[Editor’s Note: In October of 1884, Marie Bashkirtseff was dying of Tuberculosis. She spent her last weeks with her friend and fellow painter, Jules Bastien-Lepage. Jules was also dying, of cancer — he would pass just two months later, on December 10th.]
Nothing but sorrow and annoyance!
But why write all this down ?
My aunt left for Russia on Monday; she will arrive there at one in the morning.
Bastien-Lepage goes from bad to worse.
I am unable to work.
My picture will not be finished.
Here are misfortunes enough!
He is dying, and he suffers intensely. When I am with him I feel as if he were no longer of this earth; he already soars above us; there are days when I feel as if I too soared above this earth. I see the people around me; they speak to me, I answer them, but I am no longer of them. I feel a passive indifference to everything a sensation somewhat like that produced by opium.
At last he is dying; I still go to see him, but only from habit; it is only his shadow that is there: I myself am hardly more than a shadow.
He is scarcely conscious of my presence. I am of no use to him; his eyes do not brighten when he sees me; he likes me to be there, that is all.
Yes, he is dying, and the thought does not move me; I am indifferent to it; something is fading out of sight that is all.
And then everything will be ended.
Everything will be ended.
I shall die with the dying year.
It is as you see I do nothing. I am never without fever; my physicians are a pair of imbeciles. I have sent for Potain and put myself into his hands again. He cured me once before. He is kind, attentive, and conscientious. After all, it seems that my emaciation, and all the rest of it, do not come from the lungs, but from some malady I contracted without knowing when, and to which I paid no attention, thinking it would go away of itself; as for my lungs, they are no worse than before.

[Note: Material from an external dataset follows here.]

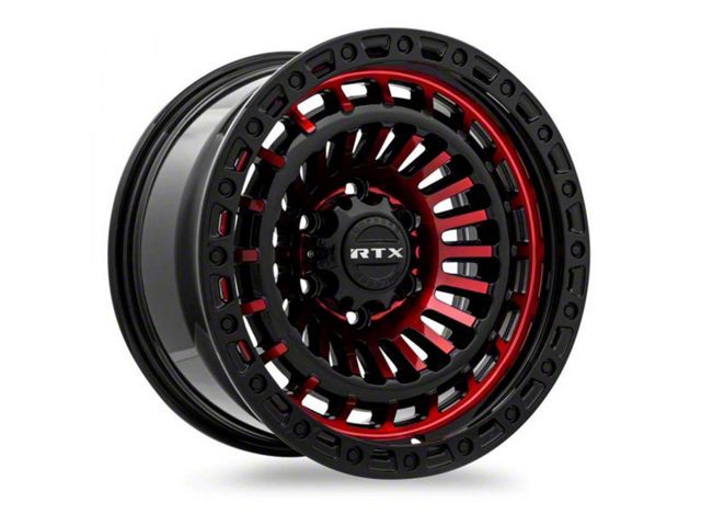 RTX Offroad Wheels Moab Gloss Black Machined Red 6-Lug Wheel; 17x9; 0mm Offset exudes a sleek aesthetic appeal, complementing a range of vehicle styles. Its dark stainless finish emanates sophistication, while the brand reputation of RTX Offroad Wheels ensures robustness. This wheel seamlessly merges elegance with durability.

But it is not necessary for me to trouble you with my ailments; what is certain, however, is that I can do nothing.
Yesterday I went to dress myself to go to the Bois, and twice I was on the point of giving up, I was so overcome with weakness.
I succedeed at last; however.
Mme. Bastien-Lepage has been at Damvillers since Monday last, for the vintage, and, although there are women enough about him, he was glad to see us.
I have not been able to go out for the past few days. I am very ill, although I am not confined to bed.
Potain and his substitute come to see me on alternate days.
Ah, my God! and my picture, my picture, my picture?
Julian has come to see me. They have told him, then, that I was ill.
Alas! how could it be concealed? And how shall I be able to go see Bastien-Lepage?
I have a constant fever that is sapping my strength. I spend the whole day in the drawing-room, going from the easy-chair to the sofa and back again.
Dina reads novels to me. Potain came yesterday, and is to come again tomorrow. This man is no longer in need of money, and if he comes to see me so often, it must be because he takes some little interest in me.
I cannot leave the house at all, but poor Bastien-Lepage is still able to go out, so he had himself brought here and installed in an easy-chair, his feet supported by cushions. I was by his side, in another easychair, and so we remained until six o'clock.
I was dressed in a white plush morning-gown, trimmed with white lace, but of a different shade; Bastien-Lepage's eyes dilated with pleasure as they rested on me.
"Ah, if I could only paint!" he said.
There is an end to this year's picture!
Bastien-Lepage comes almost every day. His mother has returned, and all three came today.
Potain came yesterday : I am no better.
Tony and Julian are to dine with us to-night.
Although the weather is magnificient, Bastien-Lepage comes here instead of going to the Bois. He can scarcely walk at all now ; his brother supports him under each arm; he almost carries him.
By the time he is seated in his easychair the poor fellow is exhausted. Woe is me! And how many porters there are who do not know what it is to be ill! Emile is an admirable brother. He it is who carries Jules on his shoulders up and down their three flights of stairs. Dina is equally devoted to me. For the last two days my bed has been in the drawing-room, but as this is very large, and divided by screens, poufs, and the piano, it is not noticed. I find it too difficult to go upstairs.
The journal stops here. Marie Bashkirtseff died eleven days later, on the 31st of October, 1884.